Margaret Horton Potter (pseudonym, Robert Dolly Williams; May 20, 1881 – December 22, 1911) was an American novelist, specializing in historical fiction. Her first novel, A Social Lion, was published while she was still a teenager.

==Early life==
Potter was born in Chicago, Illinois, the daughter of Orrin Woodard Potter (1836–1907), a wealthy steel manufacturer, and Ellen Owen Potter, who was active in women's clubs.
She was educated at a local prep school and "pursued advanced studies under a private tutor".

==Career==
Potter was a teenager when R. R. Donnelley and Sons published her novel A Social Lion (1899), under the pseudonym Robert Dolly Williams.

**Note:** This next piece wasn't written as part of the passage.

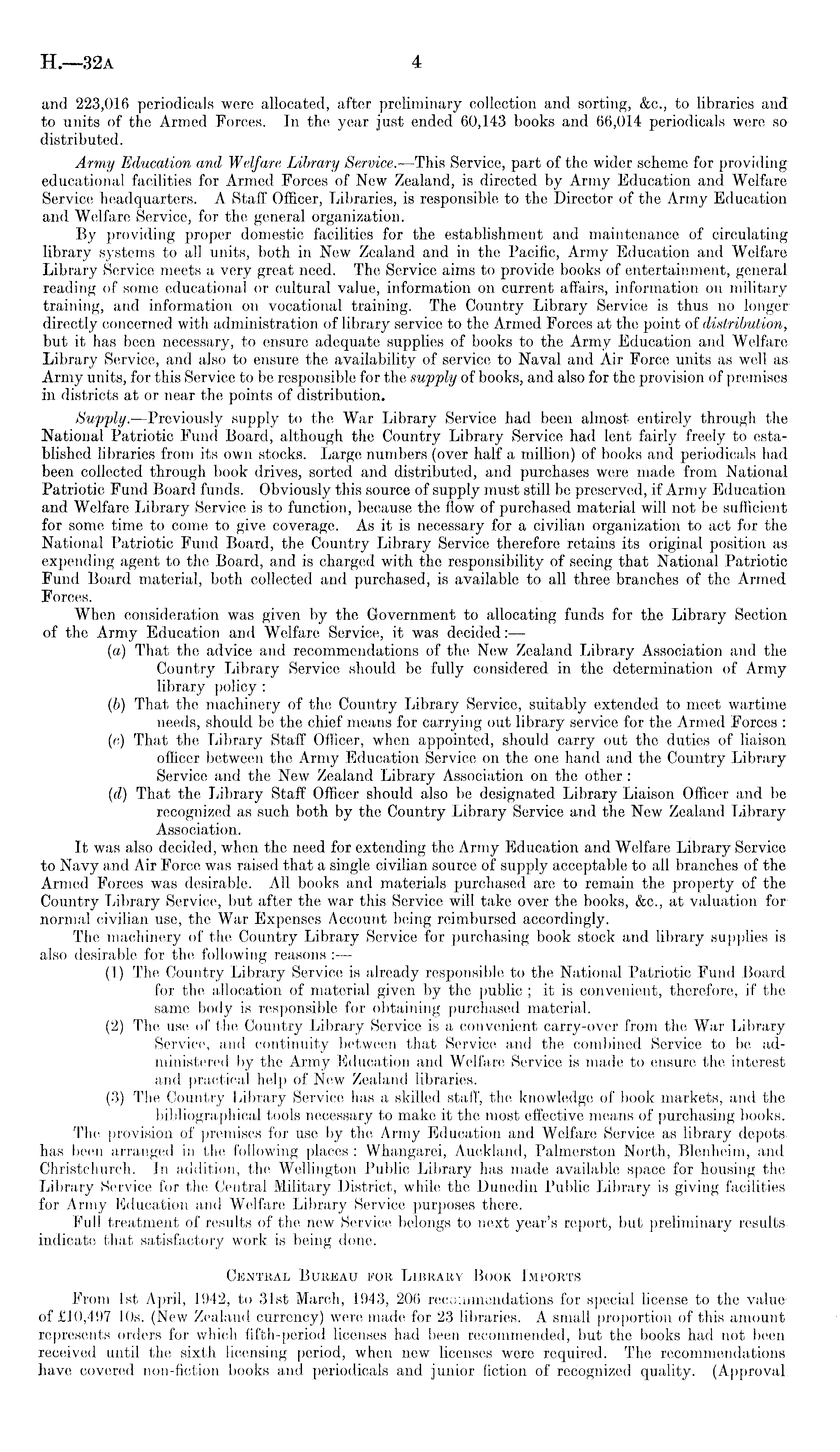 and 223,016 periodicals were allocated, after preliminary collection and sorting, &c., to libraries and to units of the Armed Forces. In the year just ended 60,143 books and 66,014 periodicals were so distributed. Army Education and Welfare Library Service.—This Service, part of the wider scheme for providing educational facilities for Armed Forces of New Zealand, is directed by Army Education and Welfare Service headquarters. A Staff Officer, Libraries, is responsible to the Director of the Army Education and Welfare Service, for the general organization. By providing proper domestic facilities for the establishment and maintenance of circulating library systems to all units, both in New Zealand and in the Pacific, Army Education and Welfare Library Service meets a very great need. The Service aims to provide books of entertainment, general reading of some educational or cultural value, information on current affairs, information on military training, and information on vocational training. The Country Library Service is thus no longer directly concerned with administration of library service to the Armed Forces at the point of distribution, but it has been necessary, to ensure adequate supplies of books to the Army Education and Welfare Library Service, and also to ensure the availability of service to Naval and Air Force units as well as Army units, for this Service to be responsible for the supply of books, and also for the provision of premises in districts at or near the points of distribution. Sup-ply. —Previously supply to the War Library Service had been almost entirely through the National Patriotic Fund Board, although the Country Library Service had lent fairly freely to established libraries from its own stocks. Large numbers (over half a million) of books and periodicals had been collected through book drives, sorted and distributed, and purchases were made from National Patriotic Fund Board funds. Obviously this source of supply must still be preserved, if Army Education and Welfare Library Service is to function, because the flow of purchased material will not be sufficient for some time to come to give coverage. As it is necessary for a civilian organization to act for the National Patriotic Fund Board, the Country Library Service therefore retains its original position as expending agent to the Board, and is charged with the responsibility of seeing that National Patriotic Fund Board material, both collected and purchased, is available to all three branches of the Armed Forces. When consideration was given by the Government to allocating funds for the Library Section of the Army Education and Welfare Service, it was decided:— (a) That the advice and recommendations of the New Zealand Library Association and the Country Library Service should be fully considered in the determination of Army library policy : (b) That the machinery of the Country Library Service, suitably extended to meet wartime needs, should be the chief means for carrying out library service for the Armed Forces r (c) That the Library Staff Officer, when appointed, should carry out the duties of liaison officer between the Army Education Service on the one hand and the Country Library Service and the New Zealand Library Association on the other: (d) That the Library Staff Officer should also be designated Library Liaison Officer and be recognized as such both by the Country Library Service and the New Zealand Library Association. It was also decided, when the need for extending the Army Education and Welfare Library Service to Navy and Air Force was raised that a single civilian source of supply acceptable to all branches of the Armed Forces was desirable. All books and materials purchased are to remain the property of the Country Library Service, but after the war this Service will take over the books, &c., at valuation for normal civilian use, the War Expenses Account being reimbursed accordingly. The machinery of the Country Library Service for purchasing book stock and library supplies is also desirable for the following reasons : — (1) The Country Library Service is already responsible to the National Patriotic Fund Board for the allocation of material given by the public ; it is convenient, therefore, if the same body is responsible for obtaining purchased material. (2) The use of the Country Library Service is a convenient carry-over from the War Library Service, and continuity between that Service and the combined Service to be administered by the Army Education and Welfare Service is made to ensure the interest and practical help of New Zealand libraries. (3) The Country Library Service has a skilled staff, the knowledge of book markets, and the bibliographical tools necessary to make it the most effective means of purchasing books. The provision of premises for use by the Army Education and Welfare Service as library depots has been arranged in the following places : Whangarei, Auckland, Palmerston North, Blenheim, and Christchurch. In addition, the Wellington Public Library has made available space for housing the Library Service for the Central Military District, while the Dunedin Public Library is giving facilities for Army Education and Welfare Library Service purposes there. Full treatment of results of the new Service belongs to next year's report, but preliminary results, indicate that satisfactory work is being done. Central Bureau for Library Book Imports From Ist April, 1942, to 31st March, 1943, 206 recommendations for special license to the valueof £10,497 10s. (New Zealand currency) were made for 23 libraries. A small proportion of this amount represents orders for which fifth-period licenses had been recommended, but the books had not been received until the sixth licensing period, when new licenses were required. The recommendations have covered non-fiction books and periodicals and junior fiction of recognized quality. (Approval

It features a wealthy Chicago writer who "lives in fear ... that a past alliance will be discovered and bring him social disgrace." Modeled on actual people and events in Chicago society, it was considered such a scandalous tale that her family tried (unsuccessfully) to prevent its publication.

Her other novels include Uncanonized: A Romance of English Monachism (1900); The House of de Mailly: A Romance (1901); Istar of Babylon: A Phantasy (1902); The Castle of Twilight (1903); The Flame-Gatherers (1904); The Fire of Spring (1905); The Genius (1906); The Princess (1907); and The Golden Ladder (1908). Most of them are historical fiction, with romance plots and exotic settings for American readers, though A Social Lion and The Golden Ladder are set in Chicago. There are fantasy elements in some of her novels, such as supernatural characters (the title character in Istar of Babylon is the goddess Ishtar) and the transmigrated souls in The Flame-Gatherers.

Potter also wrote short stories and poems that appeared in Harper's Magazine. She and Wallace Rice co-wrote The Devil's Choice, a play that was produced in Chicago in 1909.

==Personal life==
Potter married lawyer John Donald Black (son of John C. Black) on January 1, 1902. In about 1905, she became addicted to morphine. In May 1910 she was declared mentally incompetent due to chronic alcoholism and morphine addiction and institutionalized. After her release, her husband divorced her for "habitual drunkenness". She died from a morphine overdose, ruled accidental, in 1911, aged 30 years.